#### [WORK TO BE COMPLETED]
Return the data that follows exactly as it appears. Pictures do not belong in the copy.

#### [GIVEN DATA]
* * *

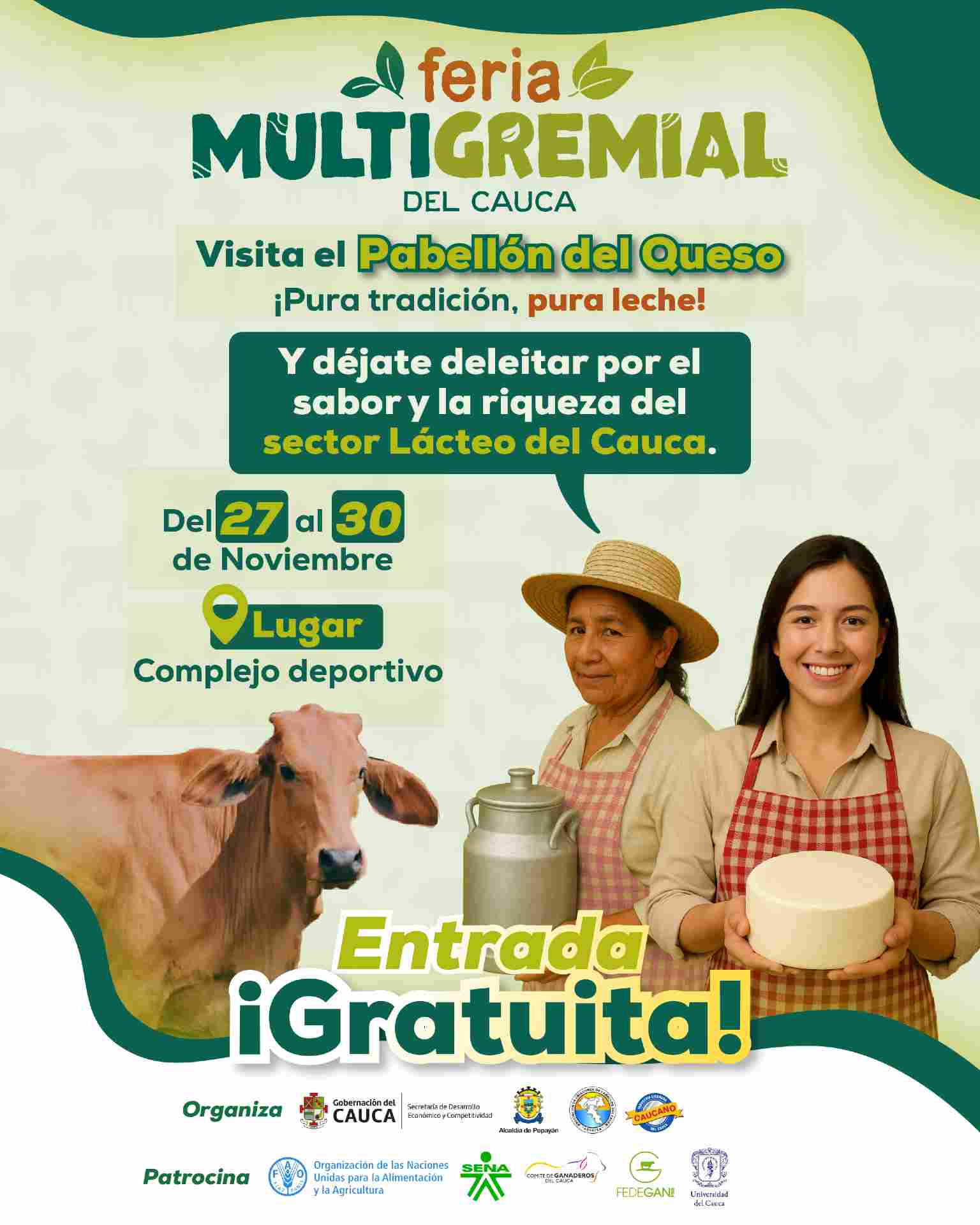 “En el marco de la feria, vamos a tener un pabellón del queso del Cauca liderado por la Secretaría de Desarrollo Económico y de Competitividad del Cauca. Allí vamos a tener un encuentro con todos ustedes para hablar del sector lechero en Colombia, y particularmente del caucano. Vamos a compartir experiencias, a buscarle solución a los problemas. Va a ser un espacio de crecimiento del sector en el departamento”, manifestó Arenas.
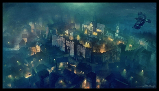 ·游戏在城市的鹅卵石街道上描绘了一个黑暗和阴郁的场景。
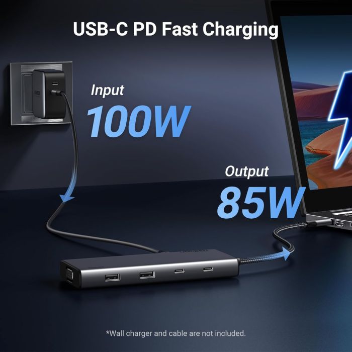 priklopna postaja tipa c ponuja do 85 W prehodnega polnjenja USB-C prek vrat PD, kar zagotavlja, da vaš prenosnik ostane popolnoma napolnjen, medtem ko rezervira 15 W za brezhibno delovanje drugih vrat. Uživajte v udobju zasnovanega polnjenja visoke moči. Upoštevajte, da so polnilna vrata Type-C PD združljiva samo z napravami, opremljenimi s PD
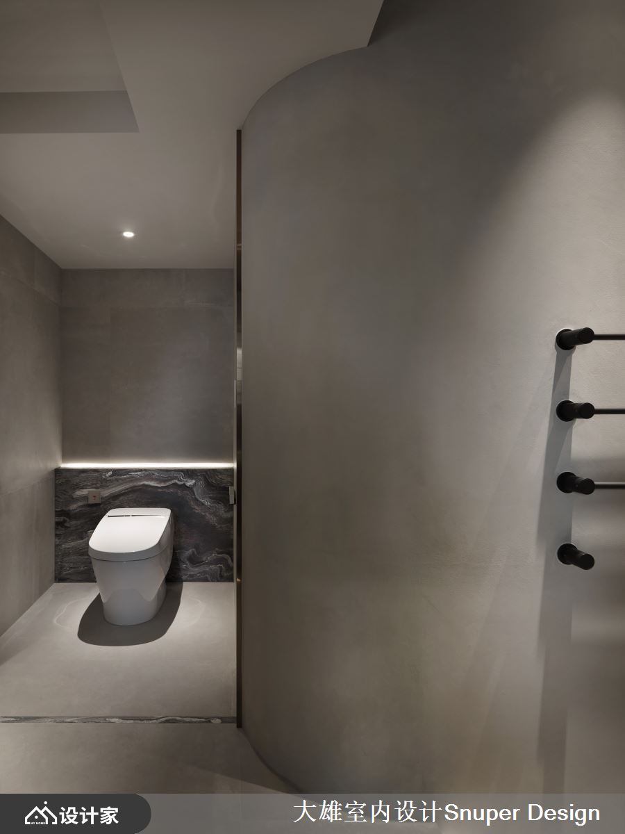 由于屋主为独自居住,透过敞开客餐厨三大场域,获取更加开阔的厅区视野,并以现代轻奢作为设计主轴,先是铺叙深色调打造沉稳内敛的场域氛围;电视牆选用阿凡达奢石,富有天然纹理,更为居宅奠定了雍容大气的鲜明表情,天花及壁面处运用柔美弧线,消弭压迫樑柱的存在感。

* * *

#### [OUTPUT OF THE TASK]
 “En el marco de la feria, vamos a tener un pabellón del queso del Cauca liderado por la Secretaría de Desarrollo Económico y de Competitividad del Cauca. Allí vamos a tener un encuentro con todos ustedes para hablar del sector lechero en Colombia, y particularmente del caucano. Vamos a compartir experiencias, a buscarle solución a los problemas. Va a ser un espacio de crecimiento del sector en el departamento”, manifestó Arenas.
 ·游戏在城市的鹅卵石街道上描绘了一个黑暗和阴郁的场景。
 priklopna postaja tipa c ponuja do 85 W prehodnega polnjenja USB-C prek vrat PD, kar zagotavlja, da vaš prenosnik ostane popolnoma napolnjen, medtem ko rezervira 15 W za brezhibno delovanje drugih vrat. Uživajte v udobju zasnovanega polnjenja visoke moči. Upoštevajte, da so polnilna vrata Type-C PD združljiva samo z napravami, opremljenimi s PD
 由于屋主为独自居住,透过敞开客餐厨三大场域,获取更加开阔的厅区视野,并以现代轻奢作为设计主轴,先是铺叙深色调打造沉稳内敛的场域氛围;电视牆选用阿凡达奢石,富有天然纹理,更为居宅奠定了雍容大气的鲜明表情,天花及壁面处运用柔美弧线,消弭压迫樑柱的存在感。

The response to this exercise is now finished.